[edit]
Windows Agent Arena: Evaluating Multi-Modal OS Agents at Scale
Proceedings of the 42nd International Conference on Machine Learning, PMLR 267:4874-4910, 2025.
Abstract
Large language models (LLMs) show potential as computer agents, enhancing productivity and software accessibility in multi-modal tasks. However, measuring agent performance in sufficiently realistic and complex environments becomes increasingly challenging as: (i) most benchmarks are limited to specific modalities/domains (e.g., text-only, web navigation, Q&A) and (ii) full benchmark evaluations are slow (on order of magnitude of multiple hours/days) given the multi-step sequential nature of tasks.
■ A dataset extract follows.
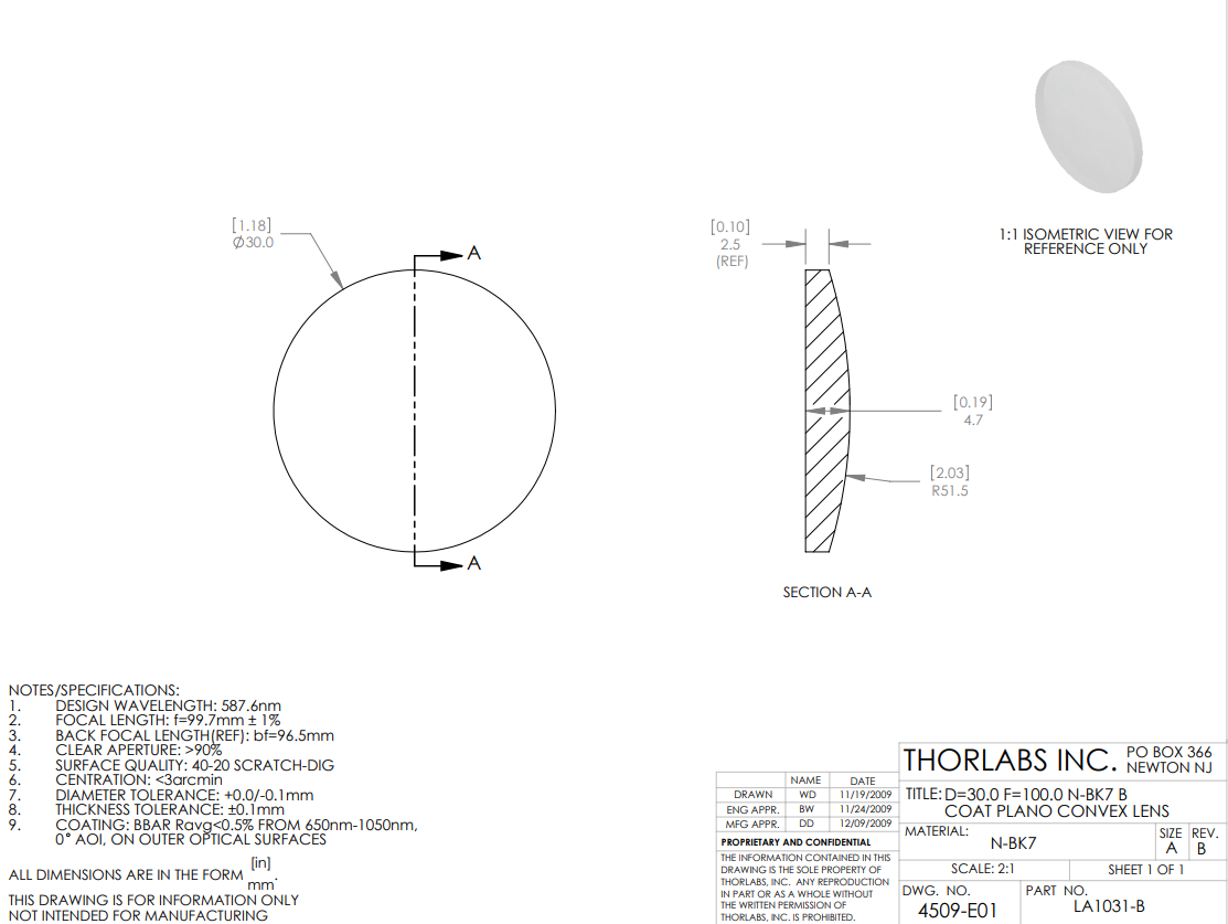 其中n是折射率,R是透镜表面的曲率半径。这些透镜使用阿贝数为64.17的N-BK7材料生产;阿贝数是色散指标。

To address these challenges, we introduce Windows Agent Arena: a general environment focusing exclusively on the Windows operating system (OS) where agents can operate freely within a real OS to use the same applications and tools available to human users when performing tasks. We create 150+ diverse tasks across representative domains that require agentic abilities in planning, screen understanding, and tool usage. Our benchmark is scalable and can be seamlessly parallelized for a full benchmark evaluation in as little as $20$ minutes. Our work not only speeds up the development and evaluation cycle of multi-modal agents, but also highlights and analyzes existing shortfalls in the agentic abilities of several multimodal LLMs as agents within the Windows computing environment—with the best achieving only a 19.5% success rate compared to a human success rate of 74.5%.